Bespoke builders are making money in SL. What is preventing them making more money is the lack of clear objectives, metrics, and in-world value narratives for their clients. Another generic corporate information centre isn’t worth anything to avatar or executive. But building (which includes modelling, texturing, scripting and populating) for individuals, groups (in-or-out-of-world), institutions and corporations is SL’s goldmine if people can just get it right. It isn’t texture copying that is stopping this.

Gatekeepers and Intermediaries

Provide the SL equivalent of reports or collections, whatever that might be. Embody and sell trends (see Servicising Content).

But I Just Want To Get Rich Writing Code And Texturing Prims!

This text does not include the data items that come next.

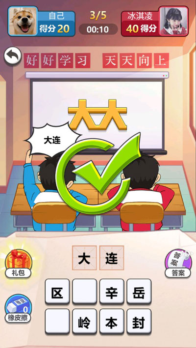 5、进入游戏对局,我们需要根据黑板上的图片,点击下方提供的汉字猜出正确的地名,
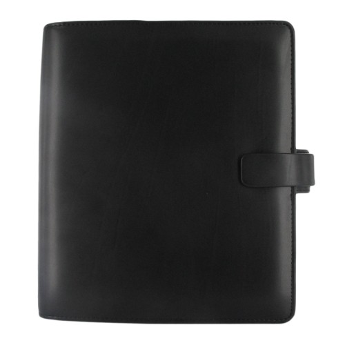 With clean lines and a sleek silhouette, Metropol remains a favourite. A smart and practical A5 organiser for everyday use. A5 size: Width 205mm, Height 235mm, Depth 40mm. Faux-leather with closure strap. Ring mech: 30mm.Contents: undated fill, ruler/page marker, to do, contacts, indices, notepaper. Please note contents may vary to those listed or shown in product images. Right Hand Details: one notepad pocket, one PU pen loop. Left Hand Details: ten card pockets, one vertical slip pocket, one PU pen loop.
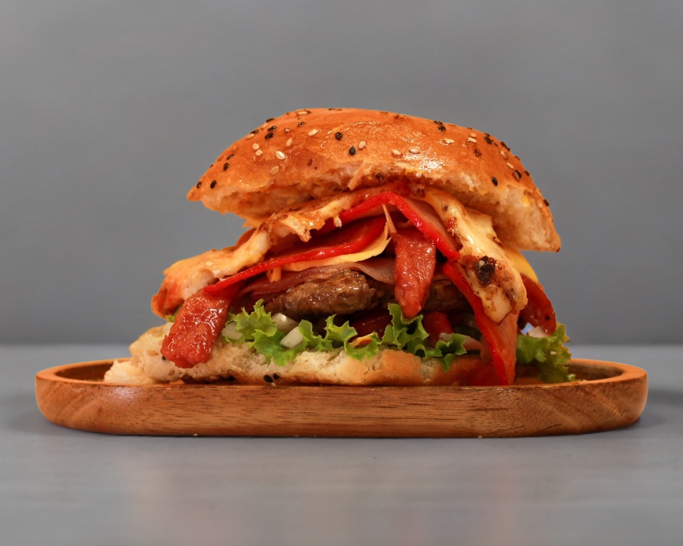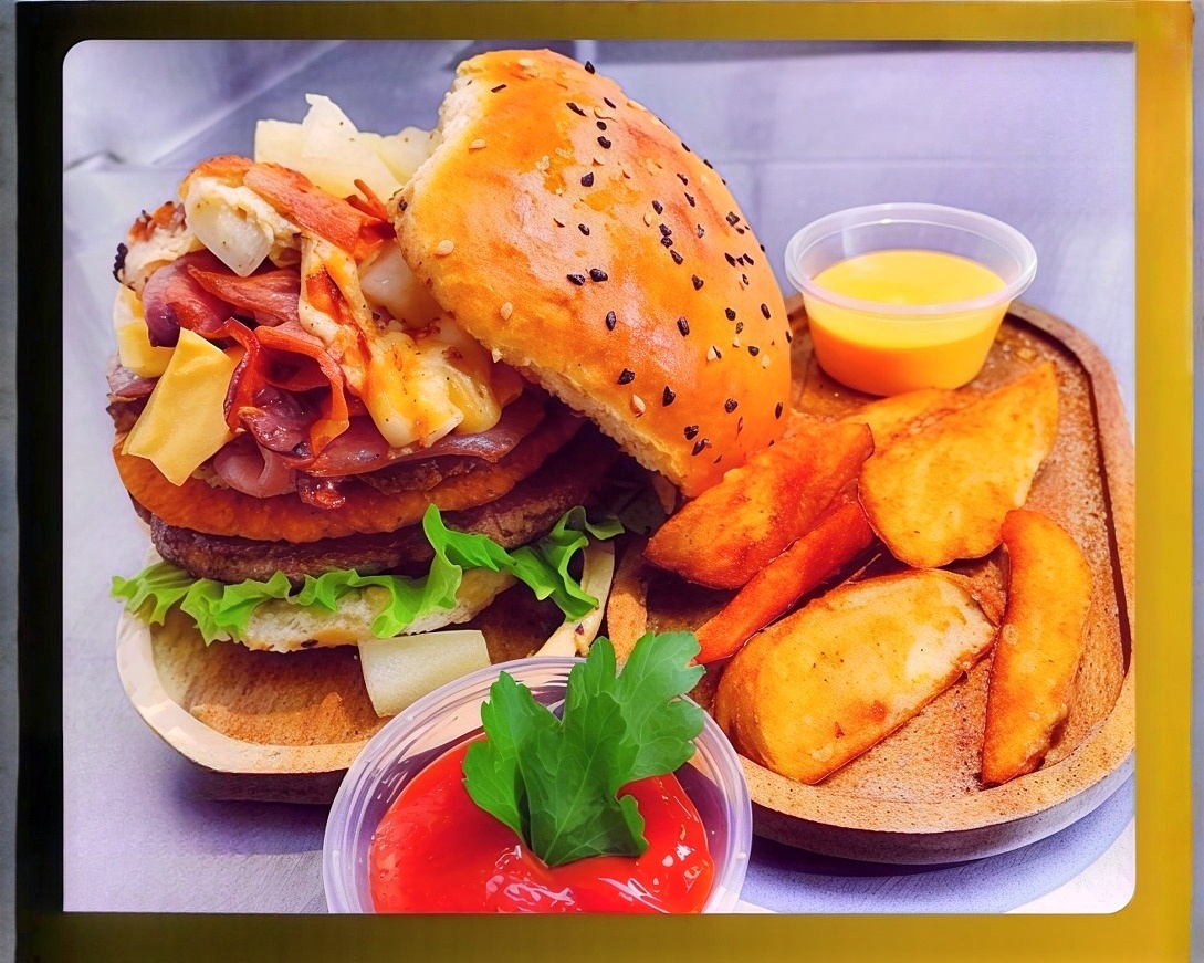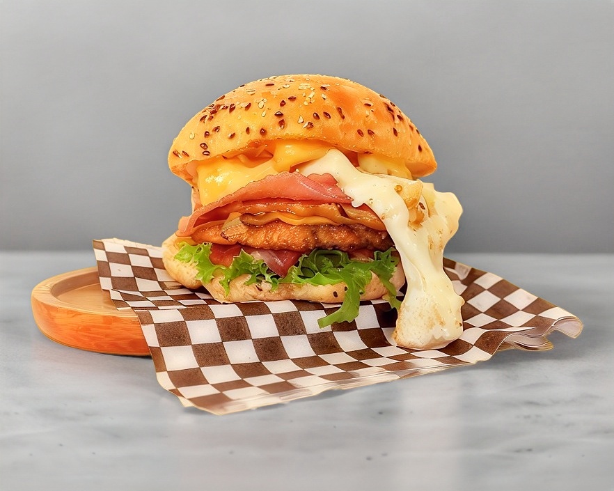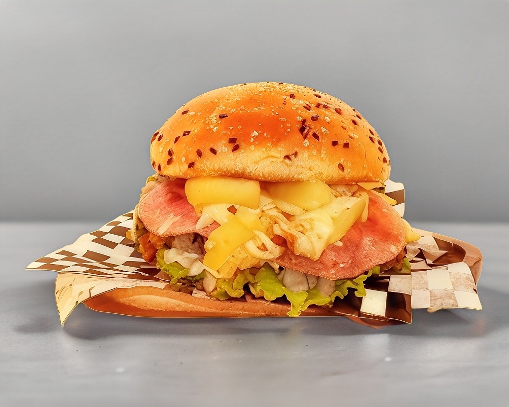 Carne de la casa (100gr), queso americano, jamón, piña y enfurción de queso.
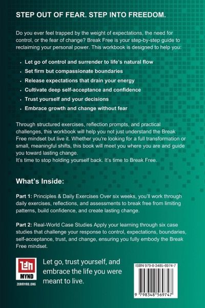 Step out of fear. Step into freedom Do you ever feel trapped by the weight of expectations, the need for control, or the fear of change? Break Free is your step-by-step guide to reclaiming your personal power. This workbook is designed to help you: * Let go of control and surrender to life's natural flow * Set firm but compassionate boundaries * Release expectations that drain your energy * Cultivate deep self-acceptance and confidence * Trust yourself and your decisions * Embrace growth and change without fear Through structured exercises, reflection prompts, and practical challenges, this workbook will help you not just understand the Break Free mindset but live it. Whether you're looking for a full transformation or small, meaningful shifts, this book will meet you where you are and guide you toward lasting change. It's time to stop holding yourself back. It's time to Break Free. What's Inside: Part 1: Principles & Daily Exercises Over six weeks, you'll work through daily exercises, reflections, and assessments to break free from limiting patterns, build confidence, and create lasting change. Part 2: Real-World Case Studies Apply your learning through six case studies that challenge your response to control, expectations, boundaries, self-acceptance, trust, and change, ensuring you fully embody the Break Free mindset.

I have explained precisely how to do that. All of the above need code, models and textures. You just need to do the work of selling them as something people actually want to buy.

Second Life And OpenSim

Once you start treating people like thieves they treat punishment for theft as a cost to be borne not a disincentive to be avoided. Second Life is, like the blogging and social networking sites, a user generated social environment that commercial and corporate activity can learn to monetize part of at various levels of indirection. *If* they don’t destroy the neighborhood. The user-generated aspect of Second Life, however inept it may lead to vast swathes of the world appearing, is its purpose and its value, not an inconvenience and an impediment to monetization.

Far from those who support in-world freedom fleeing to OpenSim, I think that corporate users will start using OpenSim to make their own walled gardens that they can add value to and charge for, much as Linden Lab charge for access to the UGC value of Second Life. This will raise its own problems for freedom, but that is another story.